- U-995 Type VIIC/41 at the Laboe Naval Memorial. This U-boat is almost identical to U-1064.

History

Nazi Germany
- Name: U-1064
- Ordered: 14 October 1941
- Builder: Germaniawerft AG, Kiel
- Yard number: 701
- Laid down: 23 September 1943
- Launched: 22 June 1944
- Commissioned: 29 July 1944
- Fate: Surrendered on 9 May 1945 at Trondheim, Norway

Soviet Union
- Name: S-83
- Commissioned: 13 February 1946
- Fate: Stricken on 12 March 1974 and broken up

General characteristics
- Class & type: Type VIIC/41 submarine
- Displacement: 759 tonnes (747 long tons) surfaced; 860 t (846 long tons) submerged;
- Length: 67.23 m (220 ft 7 in) o/a; 50.50 m (165 ft 8 in) pressure hull;
- Beam: 6.85 m (22 ft 6 in) o/a; 5 m (16 ft 5 in) pressure hull;
- Height: 9.60 m (31 ft 6 in)
- Draught: 5 m (16 ft 5 in)
- Installed power: 2,800–3,200 PS (2,100–2,400 kW; 2,800–3,200 bhp) (diesels); 750 PS (550 kW; 740 shp) (electric);
- Propulsion: 2 shafts; 2 × diesel engines; 2 × electric motors;
- Speed: 17.7 knots (32.8 km/h; 20.4 mph) surfaced; 7.6 knots (14.1 km/h; 8.7 mph) submerged;
- Range: 8,500 nmi (15,700 km; 9,800 mi) at 10 knots (19 km/h; 12 mph) surfaced; 80 nmi (150 km; 92 mi) at 4 knots (7.4 km/h; 4.6 mph) submerged;
- Test depth: 230 m (750 ft); Calculated crush depth: 250–295 m (820–968 ft);
- Complement: 44-52 officers & ratings
- Armament: 5 × 53.3 cm (21 in) torpedo tubes (4 bow, 1 stern); 14 torpedoes; 1 × 8.8 cm (3.46 in) deck gun (220 rounds); 1 × 3.7 cm (1.5 in) Flak M42 AA gun; 2 × 2 cm (0.79 in) C/30 AA guns;

Service record (Kriegsmarine)
- Part of: 5th U-boat Flotilla; 29 July 1944 – 31 January 1945; 11th U-boat Flotilla; 1 February – 8 May 1945;
- Identification codes: M 41 096
- Commanders: K.Kapt. Karl-Hermann Schneidewind; 29 July 1944 – 9 May 1945;
- Operations: 1 patrol:; 7 February – 9 April 1945;
- Victories: 1 merchant ship sunk (1,564 GRT)

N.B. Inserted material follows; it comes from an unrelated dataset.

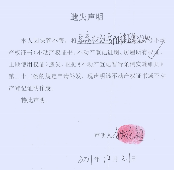 遗失声明 (余成念祖)
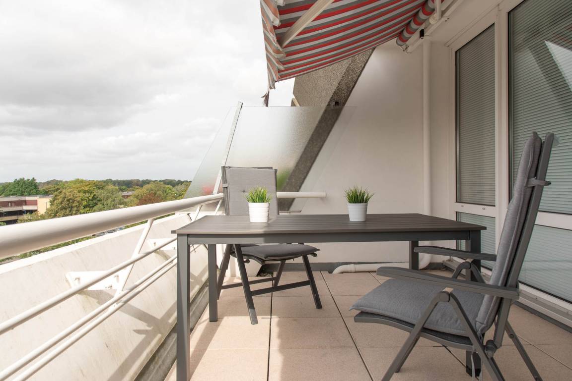 Die Wohnung verfügt in ganzer Breite über bodentiefe Fenster und einen großen Balkon, der vom Wohnbereich aus zu betreten ist. Die südwestliche Ausrichtung des Balkons lässt Sie fast den ganzen Tag über Sonne haben. Eine Markise, sowie Gartenmöbel stehen Ihnen auf dem 12qm großen Balkon zur Verfügung.

= German submarine U-1064 =

German World War II submarine

German submarine U-1064 was a Type VIIC/41 U-boat built for Nazi Germany's Kriegsmarine for service during World War II.
She was laid down on 23 September 1943 by Friedrich Krupp Germaniawerft, Kiel as yard number 701, launched on 22 June 1944 and commissioned on 29 July 1944 under Korvettenkapitän Karl-Hermann Schneidewind.

==Design==
German Type VIIC/41 submarines were preceded by the heavier Type VIIC submarines. U-1064 had a displacement of 759 t when at the surface and 860 t while submerged. She had a total length of 67.10 m, a pressure hull length of 50.50 m, a beam of 6.20 m, a height of 9.60 m, and a draught of 4.74 m. The submarine was powered by two Germaniawerft F46 four-stroke, six-cylinder supercharged diesel engines producing a total of 2800 to 3200 PS for use while surfaced, two AEG GU 460/8–27 double-acting electric motors producing a total of 750 PS for use while submerged. She had two shafts and two 1.23 m propellers. The boat was capable of operating at depths of up to 230 m.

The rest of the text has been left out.